Washington, Feb 18 (ANI): A new experiment in an atom interferometer has provided for the most precise test yet of Albert Einstein's gravitational redshift.

A central prediction of Einstein's general theory of relativity is that gravity makes clocks tick more slowly.

Now, a new experiment in an atom interferometer measures this slowdown 10,000 times more accurately than before, and finds it to be exactly what Einstein predicted.

"This experiment demonstrates that gravity changes the flow of time, a concept fundamental to the theory of general relativity," said Holger Muller, an assistant professor of physics at the University of California, Berkeley. he phenomenon is often called the gravitational redshift because the oscillations of light waves slow down or become redder when tugged by gravity.

Muller tested Einstein's theory by taking advantage of a tenet of quantum mechanics: that matter is both a particle and a wave.

The cesium atoms used in the experiment can be represented by matter waves that oscillate 3x1025 times per second, that is, 30 million billion billion times per second.
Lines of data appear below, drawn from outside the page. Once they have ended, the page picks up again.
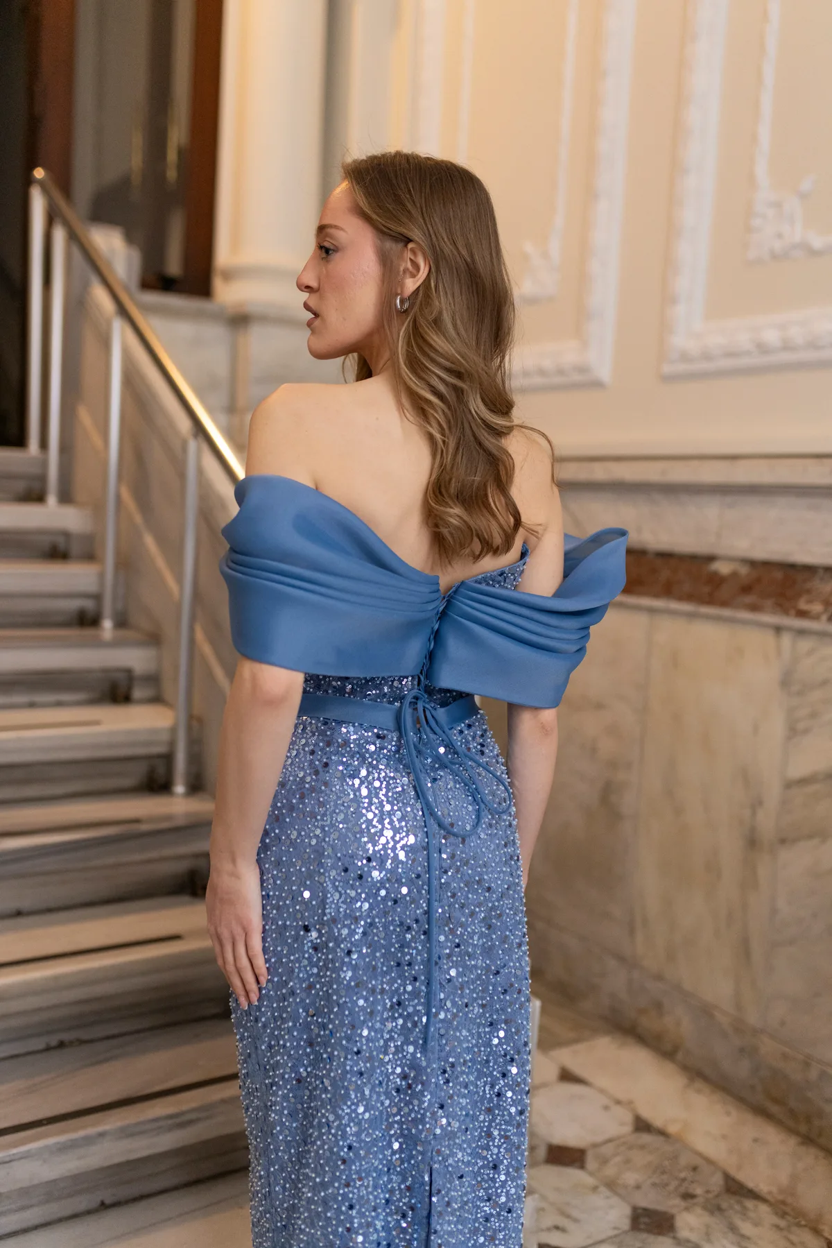 Ürün Özellikleri Düşük organze kol detaylı Balenli üst beden Işıltılı payet kumaş Sırtı çapraz ip bağcıklı Midi boy
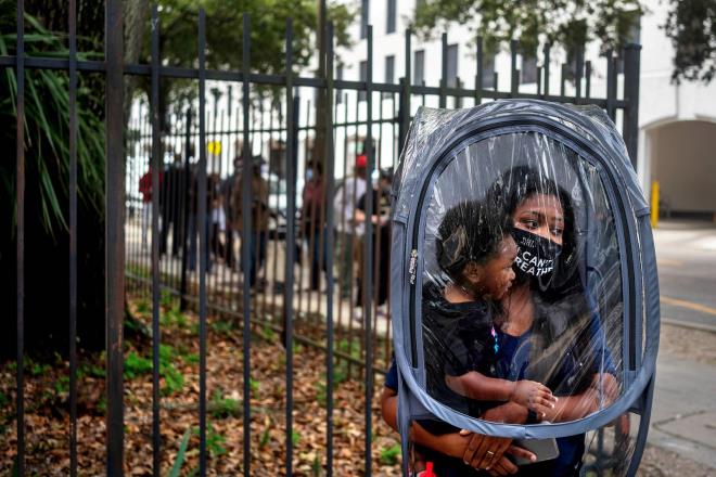 Dana Clark và con trai 18 tháng tuổi trùm túi nhựa bảo vệ khi xếp hàng bên ngoài Tòa thị chính New Orleans (Mỹ) để chờ bỏ phiếu. Ảnh: Reuters |
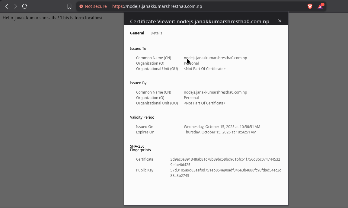 127.0.0.1 nodejs.janakkumarshrestha0.com.npto/etc/hosts. - Configure Nginx (or Apache) to listen on HTTPS
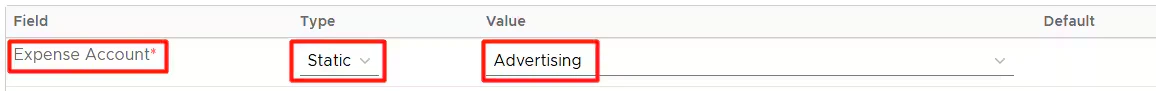 • Mapping the “Expense Account” field to a static value means that you can select one account out of the many presented in Dynamics 365, and that value (“Advertising” in our example below) will be applied to all PEX purchases.
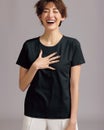 (アクア:モデルさんの着画より、平置きしたTシャツの写真のほうが、実物に近い色です)
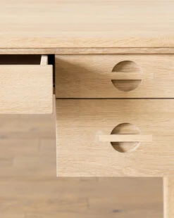 The Bodin Desk combines natural finishes with modern lines for streamlined desk space. With practical storage and simple design, this piece is approachable and functional. Its drawer handles blend into the piece, further highlighting the Bodin Desk’s emphasis on its natural oak construction.

When the cesium atom matter wave enters the experiment, it encounters a carefully tuned flash of laser light.

The laws of quantum mechanics step in, and each cesium atom enters two alternate realities, Müller said.

In one, the laser has pushed the atom up one-tenth of a millimeter - 4/1000 of an inch - giving it a tiny boost out of Earth's gravitational field.

In the other, the atom remains unmoved inside Earth's gravitational well, where time flies by less quickly.

While the frequency of cesium matter waves is too high to measure, Muller and his colleagues used the interference between the cesium matter waves in the alternate realities to measure the resulting difference between their oscillations, and thus the redshift.

The equations of general relativity predicted precisely the measured slowing of time, to an accuracy of about one part in 100 million - 10,000 times more accurate than the measurements made 30 years ago using two hydrogen maser clocks, one on Earth and the other launched via rocket to a height of 10,000 kilometers.

Far from merely theoretical, the results have implications for Earth's global positioning satellite system, for precision timekeeping and for gravitational wave detectors, according to Muller. (ANI)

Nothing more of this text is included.